Women Vs Machines: why I won’t invite Alexa into my home

I won’t have ‘Alexa’ in my home.

Apart from the fact that I can turn on my lights all by myself, remind myself of what I need from the shops, and can even manage to look out of the window to work out whether I need to take an umbrella, I really can’t stand the idea that this technological monkey that we ask to perform such tricks, has to be a ‘she’. “She’ll tell you anything you want to know” we are constantly assured, as if she is just waiting for a command from her master.

Why does she have to be ‘she’?

It is because the assumptions that society has around clerical workers is that they are white, middle class and - female. As legend has it, when Microsoft carried out development research for Cortana, they researched with human PAs, who of course, were women. No surprise then that we mostly refer to digital assistants as ‘she’, that they have female voices, and are gendered. To the extent that when Cortana first launched the advertising said ‘all you have to do is ask”.

Blade Runner 2049 visualised and personified this very idea in the character of ‘Joi’. She appears to be the helpful digital assistant that by 2049 is a holographic device. But of course she is more than that, she is a welcome distraction, something to placate - or sedate - the masses, and she can be programmed, upgraded and augmented through various applications to carry out all of K’s routine daily demands: a seamless blending of home wife and office wife. A good stab at the probable future of digital assistance but it doesn’t mean we have to like that, or condone that, or think we should settle for that. I won’t collude in this un-feminist future, I want an alternative future, so I won’t invite Alexa into my house.

You may think that this is petty, or a small concern. But writ large as part of the Fourth Industrial Revolution, this outsourcing of a traditionally female role in the workforce, has big consequences.

The World Economic Forum had already previously warned that it will take until 2186 to achieve economic equality between the sexes, that the economic gender gap had peaked in 2013 and was going backwards and that the likelihood was that by 2020 whilst men would gain one job for every three lost to robots, women would gain one job only for every five lost to robots.
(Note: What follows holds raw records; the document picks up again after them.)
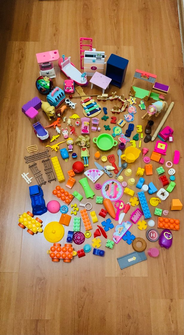 Renkli oyuncak seti, bebekler, hayvan figürleri, mobilya ve aksesuarlar içerir. Hayal gücünü destekler.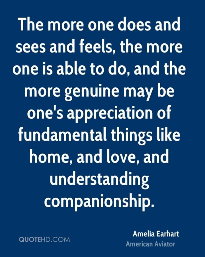 29) “The more one does and sees and feels, the more one is able to do, and the more genuine may be one’s appreciation of fundamental things like home, and love, and understanding companionship.” – Amelia Earhart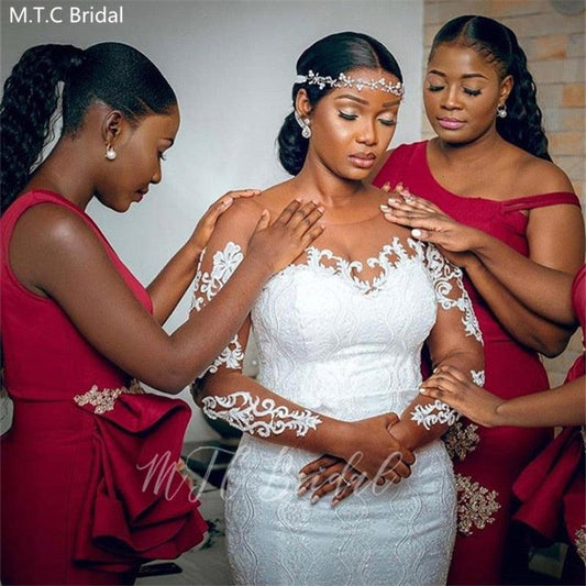 Gorgeous Red Mermaid African Bridesmaid Dresses - Gold Lace Long Dress - Plus Size - Wedding & Prom Guest Dress (WSO2)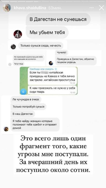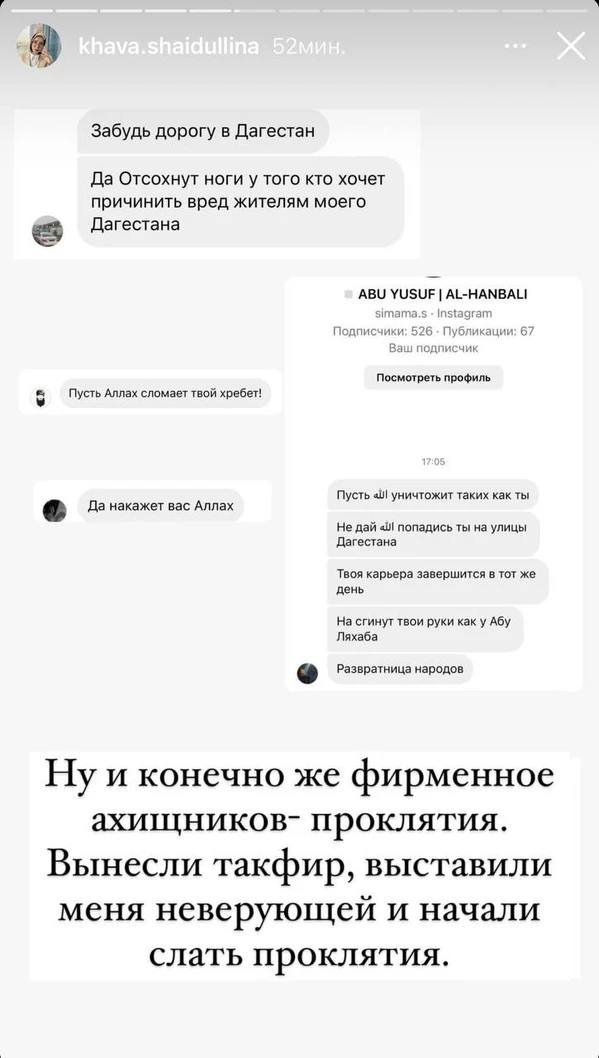 Угрозы, которые поступают в адрес Хавы Шайдуллиной. Источник: Instagram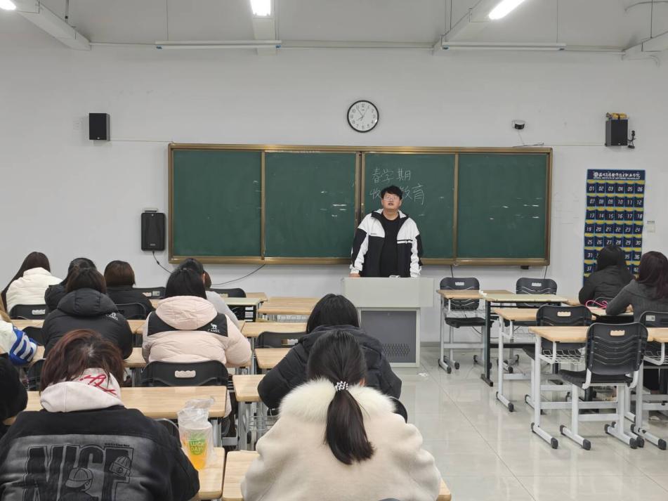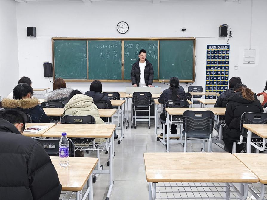 学生办公室主任杜相锋以课堂考勤与精神风貌为核心展开讲解。他强调,课堂考勤是学风建设的基础,新学期学院将持续严格执行考勤制度,对迟到、早退、旷课等行为坚持“零容忍”,做到考勤记录每日清、每周核,将考勤情况与学生综合素质评价紧密挂钩。同时,他呼吁同学们尽快调整精神状态,告别懒散的作息习惯,以昂扬向上的精神面貌走进课堂,做到上课专心听讲、课后及时复盘,在班级中营造比学赶超、勤学善思的良好学习氛围。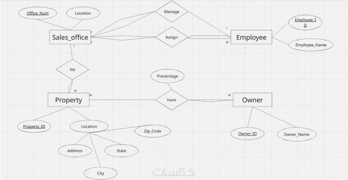 رسم احترافي يوضح الكيانات (Entities) والعلاقات (Relationships) بينها.

This week the World Economic Forum released a new report, in collaboration with Boston Consulting Group, which analyses the job of reskilling the global workforce to ready us for the world of work to come. It looked at likely job transitions in the wake of automation and whilst its focus is on how and where to re-skill workers, one statistic jumps out. Of the 1.4 million jobs expected by the US Bureau of Labor Statistics to be disrupted between now and 2026, the majority (57%) will be among women. The report finds that men have nearly twice as many job transition possibilities as women. Very specifically, the losses amongst secretaries and administrative assistants are highlighted: 164,000 female admin staff are at risk compared to 90,000 men in vulnerable assembly line jobs.

I have been calling this out for the last three years, ever since I saw the film Advantageous which depicts a dystopian world of tomorrow for women. The film tackles the life and work of women in a world that is ageist, that holds women to unattainable standards of lifelong beauty and makes the education of girls expensive and elitist. It tackles sexism, ageism, inequality and adultery, and as Jennifer Phang, the film’s female director says: “We decided to pursue the notion of the neo-traditionalist society where traditional gender roles were experiencing a resurgence due to an economic crisis…reactionary nostalgia for ‘simpler times’…when women’s primary charge in life was to be attractive to men…[and]…when women were satisfied in supporting roles”

Alexa is the ultimate supporting role.

Not only are we programming society’s gender bias into today’s technology, we are carrying those prejudices over into the fourth industrial revolution. We should no longer be worrying primarily about today’s pay gap between men and women but tomorrow’s pay gap between women and machines. The former we are trying hard to overcome, but the latter we could - with a bit of strategic foresight now - prevent from ever happening at all.